··· Provided records
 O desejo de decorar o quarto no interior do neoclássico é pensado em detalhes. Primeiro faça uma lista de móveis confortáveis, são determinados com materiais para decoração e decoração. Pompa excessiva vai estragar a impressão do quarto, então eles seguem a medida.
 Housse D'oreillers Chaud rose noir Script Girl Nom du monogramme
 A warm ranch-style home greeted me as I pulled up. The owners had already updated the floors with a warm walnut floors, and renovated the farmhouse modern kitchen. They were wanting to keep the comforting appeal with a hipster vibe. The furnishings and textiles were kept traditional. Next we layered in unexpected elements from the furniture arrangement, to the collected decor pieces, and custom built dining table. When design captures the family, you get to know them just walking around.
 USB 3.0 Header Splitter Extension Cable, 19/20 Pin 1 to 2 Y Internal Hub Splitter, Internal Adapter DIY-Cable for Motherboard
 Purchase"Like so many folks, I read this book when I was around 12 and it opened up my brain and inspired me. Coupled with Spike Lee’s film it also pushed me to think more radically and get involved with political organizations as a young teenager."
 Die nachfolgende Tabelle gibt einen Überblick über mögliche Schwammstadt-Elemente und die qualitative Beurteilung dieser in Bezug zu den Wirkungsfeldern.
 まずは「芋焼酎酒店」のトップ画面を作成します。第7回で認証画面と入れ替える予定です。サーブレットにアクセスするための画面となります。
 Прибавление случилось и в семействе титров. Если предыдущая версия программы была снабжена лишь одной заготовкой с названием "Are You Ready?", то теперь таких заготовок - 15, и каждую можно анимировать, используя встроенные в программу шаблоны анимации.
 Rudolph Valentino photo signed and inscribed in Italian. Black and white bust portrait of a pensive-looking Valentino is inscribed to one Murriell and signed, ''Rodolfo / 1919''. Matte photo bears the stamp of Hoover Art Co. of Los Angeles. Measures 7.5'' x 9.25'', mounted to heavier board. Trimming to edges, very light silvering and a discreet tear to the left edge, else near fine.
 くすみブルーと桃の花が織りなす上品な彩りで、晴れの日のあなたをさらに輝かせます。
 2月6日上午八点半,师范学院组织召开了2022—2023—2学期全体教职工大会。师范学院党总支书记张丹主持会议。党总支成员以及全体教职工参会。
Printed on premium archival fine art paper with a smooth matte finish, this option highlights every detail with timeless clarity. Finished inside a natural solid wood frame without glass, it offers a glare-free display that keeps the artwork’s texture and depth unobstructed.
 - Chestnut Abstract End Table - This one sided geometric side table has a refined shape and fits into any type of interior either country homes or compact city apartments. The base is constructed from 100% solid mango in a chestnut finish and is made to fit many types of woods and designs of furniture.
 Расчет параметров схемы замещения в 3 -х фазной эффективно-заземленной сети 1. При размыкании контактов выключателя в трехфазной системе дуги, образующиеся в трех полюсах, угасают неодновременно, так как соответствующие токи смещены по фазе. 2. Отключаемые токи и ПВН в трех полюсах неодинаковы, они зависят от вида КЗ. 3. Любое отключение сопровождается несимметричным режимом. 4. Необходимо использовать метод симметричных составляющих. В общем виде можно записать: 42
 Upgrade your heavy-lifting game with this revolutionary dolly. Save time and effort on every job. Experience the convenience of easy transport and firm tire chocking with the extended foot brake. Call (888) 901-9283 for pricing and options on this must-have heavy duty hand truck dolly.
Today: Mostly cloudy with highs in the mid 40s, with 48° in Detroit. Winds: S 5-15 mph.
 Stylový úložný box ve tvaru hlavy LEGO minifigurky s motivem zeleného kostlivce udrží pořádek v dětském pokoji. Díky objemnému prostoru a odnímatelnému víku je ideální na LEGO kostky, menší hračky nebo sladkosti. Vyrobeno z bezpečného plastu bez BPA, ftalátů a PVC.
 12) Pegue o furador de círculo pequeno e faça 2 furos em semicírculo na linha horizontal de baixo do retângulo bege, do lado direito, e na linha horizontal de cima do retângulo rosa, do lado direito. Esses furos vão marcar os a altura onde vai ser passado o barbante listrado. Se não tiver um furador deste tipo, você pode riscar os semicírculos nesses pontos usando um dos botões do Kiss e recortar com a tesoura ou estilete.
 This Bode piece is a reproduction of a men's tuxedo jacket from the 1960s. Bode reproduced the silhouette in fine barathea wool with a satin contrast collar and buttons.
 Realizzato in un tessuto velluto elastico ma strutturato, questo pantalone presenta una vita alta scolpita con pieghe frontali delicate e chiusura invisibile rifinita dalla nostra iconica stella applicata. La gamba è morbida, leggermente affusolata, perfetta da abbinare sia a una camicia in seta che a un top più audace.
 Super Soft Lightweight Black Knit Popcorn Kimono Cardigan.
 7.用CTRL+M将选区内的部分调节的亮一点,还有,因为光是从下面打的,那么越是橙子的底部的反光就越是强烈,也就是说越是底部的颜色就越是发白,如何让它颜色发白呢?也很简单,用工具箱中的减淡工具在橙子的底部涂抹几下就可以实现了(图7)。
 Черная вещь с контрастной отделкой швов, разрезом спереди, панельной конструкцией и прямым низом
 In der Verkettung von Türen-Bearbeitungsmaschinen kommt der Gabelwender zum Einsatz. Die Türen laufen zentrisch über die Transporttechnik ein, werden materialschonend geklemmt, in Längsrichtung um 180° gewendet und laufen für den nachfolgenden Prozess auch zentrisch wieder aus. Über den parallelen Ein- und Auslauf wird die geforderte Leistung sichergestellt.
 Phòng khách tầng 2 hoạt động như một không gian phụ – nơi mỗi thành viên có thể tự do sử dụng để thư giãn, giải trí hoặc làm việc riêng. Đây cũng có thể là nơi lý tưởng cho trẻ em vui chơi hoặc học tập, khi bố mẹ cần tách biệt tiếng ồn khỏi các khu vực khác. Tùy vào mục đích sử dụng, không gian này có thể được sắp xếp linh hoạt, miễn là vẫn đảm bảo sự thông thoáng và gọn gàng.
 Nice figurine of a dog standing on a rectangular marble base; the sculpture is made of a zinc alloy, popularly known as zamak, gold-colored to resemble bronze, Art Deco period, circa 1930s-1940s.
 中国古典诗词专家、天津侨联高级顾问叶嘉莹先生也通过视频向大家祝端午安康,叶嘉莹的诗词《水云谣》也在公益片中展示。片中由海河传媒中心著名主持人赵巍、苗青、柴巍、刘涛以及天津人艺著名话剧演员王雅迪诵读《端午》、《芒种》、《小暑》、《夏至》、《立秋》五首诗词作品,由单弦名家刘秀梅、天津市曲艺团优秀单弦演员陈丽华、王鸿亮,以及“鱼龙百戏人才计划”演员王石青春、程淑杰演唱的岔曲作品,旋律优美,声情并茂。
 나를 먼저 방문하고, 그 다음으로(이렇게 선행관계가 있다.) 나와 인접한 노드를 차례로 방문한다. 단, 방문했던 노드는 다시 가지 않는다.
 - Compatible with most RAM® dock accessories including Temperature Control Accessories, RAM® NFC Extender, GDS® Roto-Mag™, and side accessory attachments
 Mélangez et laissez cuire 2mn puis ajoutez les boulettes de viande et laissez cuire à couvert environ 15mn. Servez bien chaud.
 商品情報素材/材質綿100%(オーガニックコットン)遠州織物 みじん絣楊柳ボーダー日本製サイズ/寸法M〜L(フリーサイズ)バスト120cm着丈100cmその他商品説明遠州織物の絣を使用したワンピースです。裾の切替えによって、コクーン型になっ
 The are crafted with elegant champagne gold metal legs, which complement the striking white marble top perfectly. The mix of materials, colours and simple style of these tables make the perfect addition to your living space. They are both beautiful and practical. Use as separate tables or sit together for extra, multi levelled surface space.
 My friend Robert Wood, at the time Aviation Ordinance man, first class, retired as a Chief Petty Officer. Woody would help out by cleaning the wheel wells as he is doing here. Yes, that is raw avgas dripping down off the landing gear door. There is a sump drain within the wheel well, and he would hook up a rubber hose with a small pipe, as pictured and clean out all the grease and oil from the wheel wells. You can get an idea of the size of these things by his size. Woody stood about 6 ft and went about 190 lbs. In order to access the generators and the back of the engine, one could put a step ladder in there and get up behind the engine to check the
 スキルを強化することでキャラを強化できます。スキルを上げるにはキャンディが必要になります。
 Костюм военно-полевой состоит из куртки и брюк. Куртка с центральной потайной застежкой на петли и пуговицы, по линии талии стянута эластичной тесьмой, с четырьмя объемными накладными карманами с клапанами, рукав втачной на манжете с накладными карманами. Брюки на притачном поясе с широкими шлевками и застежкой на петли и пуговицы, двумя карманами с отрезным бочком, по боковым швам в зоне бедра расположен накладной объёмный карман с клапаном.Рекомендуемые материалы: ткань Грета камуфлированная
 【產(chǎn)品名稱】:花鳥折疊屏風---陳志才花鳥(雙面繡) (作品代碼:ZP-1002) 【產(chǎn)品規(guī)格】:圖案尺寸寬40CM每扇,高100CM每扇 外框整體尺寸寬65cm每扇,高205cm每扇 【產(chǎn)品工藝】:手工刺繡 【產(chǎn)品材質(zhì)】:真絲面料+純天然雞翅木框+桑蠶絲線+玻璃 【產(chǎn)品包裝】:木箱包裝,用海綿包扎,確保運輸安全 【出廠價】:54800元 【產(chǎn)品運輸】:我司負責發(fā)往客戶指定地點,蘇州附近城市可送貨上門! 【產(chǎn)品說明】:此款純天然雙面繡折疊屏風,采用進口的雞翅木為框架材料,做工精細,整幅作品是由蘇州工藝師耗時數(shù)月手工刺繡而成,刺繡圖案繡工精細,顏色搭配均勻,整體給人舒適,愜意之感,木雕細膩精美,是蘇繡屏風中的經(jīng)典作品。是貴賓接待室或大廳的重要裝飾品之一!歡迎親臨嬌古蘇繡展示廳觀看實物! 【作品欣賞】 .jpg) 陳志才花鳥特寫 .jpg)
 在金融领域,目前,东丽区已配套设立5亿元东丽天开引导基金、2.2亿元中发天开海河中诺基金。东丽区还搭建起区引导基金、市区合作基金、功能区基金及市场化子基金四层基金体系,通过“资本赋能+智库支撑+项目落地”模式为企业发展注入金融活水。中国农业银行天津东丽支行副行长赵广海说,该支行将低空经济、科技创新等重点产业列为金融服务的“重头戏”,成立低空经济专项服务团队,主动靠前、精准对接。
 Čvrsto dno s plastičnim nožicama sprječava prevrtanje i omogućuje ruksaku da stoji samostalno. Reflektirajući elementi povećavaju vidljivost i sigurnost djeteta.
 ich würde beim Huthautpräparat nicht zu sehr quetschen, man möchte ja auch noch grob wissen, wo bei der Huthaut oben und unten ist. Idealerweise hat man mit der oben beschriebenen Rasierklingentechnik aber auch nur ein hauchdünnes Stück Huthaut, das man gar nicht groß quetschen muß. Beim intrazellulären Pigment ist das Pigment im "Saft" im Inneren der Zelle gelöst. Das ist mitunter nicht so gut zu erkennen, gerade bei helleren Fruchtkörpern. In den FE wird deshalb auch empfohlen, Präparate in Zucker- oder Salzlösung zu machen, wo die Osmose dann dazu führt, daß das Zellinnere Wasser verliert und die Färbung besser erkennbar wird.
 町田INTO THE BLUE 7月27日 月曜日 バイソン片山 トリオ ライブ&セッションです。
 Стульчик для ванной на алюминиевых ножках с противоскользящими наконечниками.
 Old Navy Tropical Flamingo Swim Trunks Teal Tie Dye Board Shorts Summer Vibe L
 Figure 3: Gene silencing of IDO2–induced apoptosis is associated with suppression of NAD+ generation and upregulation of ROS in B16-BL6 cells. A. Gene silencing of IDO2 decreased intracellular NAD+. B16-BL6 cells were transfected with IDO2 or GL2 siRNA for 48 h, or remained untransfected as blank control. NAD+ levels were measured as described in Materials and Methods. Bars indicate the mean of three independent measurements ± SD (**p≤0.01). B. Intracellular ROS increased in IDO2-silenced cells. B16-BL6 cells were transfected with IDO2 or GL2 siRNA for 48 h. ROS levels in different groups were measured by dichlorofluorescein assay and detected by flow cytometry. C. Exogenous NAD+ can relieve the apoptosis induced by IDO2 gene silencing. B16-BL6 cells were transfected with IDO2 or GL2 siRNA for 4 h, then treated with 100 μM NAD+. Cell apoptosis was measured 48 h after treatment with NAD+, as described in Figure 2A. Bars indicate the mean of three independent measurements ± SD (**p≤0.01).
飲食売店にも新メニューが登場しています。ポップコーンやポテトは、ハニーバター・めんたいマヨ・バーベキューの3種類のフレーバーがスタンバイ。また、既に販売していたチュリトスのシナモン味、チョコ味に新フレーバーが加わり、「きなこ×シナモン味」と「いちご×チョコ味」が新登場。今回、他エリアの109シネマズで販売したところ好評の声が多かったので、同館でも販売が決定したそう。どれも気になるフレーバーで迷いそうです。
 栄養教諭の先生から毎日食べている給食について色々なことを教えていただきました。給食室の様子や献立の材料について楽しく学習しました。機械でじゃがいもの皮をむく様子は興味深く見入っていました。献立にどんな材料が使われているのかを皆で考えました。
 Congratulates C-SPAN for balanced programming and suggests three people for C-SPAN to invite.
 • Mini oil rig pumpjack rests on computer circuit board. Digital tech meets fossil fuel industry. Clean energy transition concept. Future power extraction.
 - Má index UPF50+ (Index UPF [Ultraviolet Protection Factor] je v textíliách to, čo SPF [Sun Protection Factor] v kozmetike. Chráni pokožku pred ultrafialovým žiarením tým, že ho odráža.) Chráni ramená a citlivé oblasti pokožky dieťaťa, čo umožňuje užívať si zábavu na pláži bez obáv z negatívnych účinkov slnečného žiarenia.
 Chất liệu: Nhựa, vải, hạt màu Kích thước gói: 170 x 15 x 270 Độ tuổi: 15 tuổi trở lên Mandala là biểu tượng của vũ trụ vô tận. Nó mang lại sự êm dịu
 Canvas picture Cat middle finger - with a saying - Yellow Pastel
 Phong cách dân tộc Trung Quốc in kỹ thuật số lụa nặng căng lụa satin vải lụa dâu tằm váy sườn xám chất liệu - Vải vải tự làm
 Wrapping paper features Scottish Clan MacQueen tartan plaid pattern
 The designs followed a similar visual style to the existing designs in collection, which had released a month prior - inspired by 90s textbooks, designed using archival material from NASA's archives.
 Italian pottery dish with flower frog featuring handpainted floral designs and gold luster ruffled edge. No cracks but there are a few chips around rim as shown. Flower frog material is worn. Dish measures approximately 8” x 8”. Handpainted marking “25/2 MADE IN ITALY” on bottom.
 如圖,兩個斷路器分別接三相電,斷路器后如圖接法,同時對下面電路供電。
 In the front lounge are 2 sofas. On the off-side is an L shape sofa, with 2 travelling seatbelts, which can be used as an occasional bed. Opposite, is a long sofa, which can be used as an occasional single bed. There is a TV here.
······
▶ Task item
Set down exactly the lines of the data above, beginning with the line that has "在金融领域,目前,东丽区已配" and ending with the line that has "Old Navy Tropical", and no others.

▶ Output of the exercise
 在金融领域,目前,东丽区已配套设立5亿元东丽天开引导基金、2.2亿元中发天开海河中诺基金。东丽区还搭建起区引导基金、市区合作基金、功能区基金及市场化子基金四层基金体系,通过“资本赋能+智库支撑+项目落地”模式为企业发展注入金融活水。中国农业银行天津东丽支行副行长赵广海说,该支行将低空经济、科技创新等重点产业列为金融服务的“重头戏”,成立低空经济专项服务团队,主动靠前、精准对接。
 Čvrsto dno s plastičnim nožicama sprječava prevrtanje i omogućuje ruksaku da stoji samostalno. Reflektirajući elementi povećavaju vidljivost i sigurnost djeteta.
 ich würde beim Huthautpräparat nicht zu sehr quetschen, man möchte ja auch noch grob wissen, wo bei der Huthaut oben und unten ist. Idealerweise hat man mit der oben beschriebenen Rasierklingentechnik aber auch nur ein hauchdünnes Stück Huthaut, das man gar nicht groß quetschen muß. Beim intrazellulären Pigment ist das Pigment im "Saft" im Inneren der Zelle gelöst. Das ist mitunter nicht so gut zu erkennen, gerade bei helleren Fruchtkörpern. In den FE wird deshalb auch empfohlen, Präparate in Zucker- oder Salzlösung zu machen, wo die Osmose dann dazu führt, daß das Zellinnere Wasser verliert und die Färbung besser erkennbar wird.
 町田INTO THE BLUE 7月27日 月曜日 バイソン片山 トリオ ライブ&セッションです。
 Стульчик для ванной на алюминиевых ножках с противоскользящими наконечниками.
 Old Navy Tropical Flamingo Swim Trunks Teal Tie Dye Board Shorts Summer Vibe L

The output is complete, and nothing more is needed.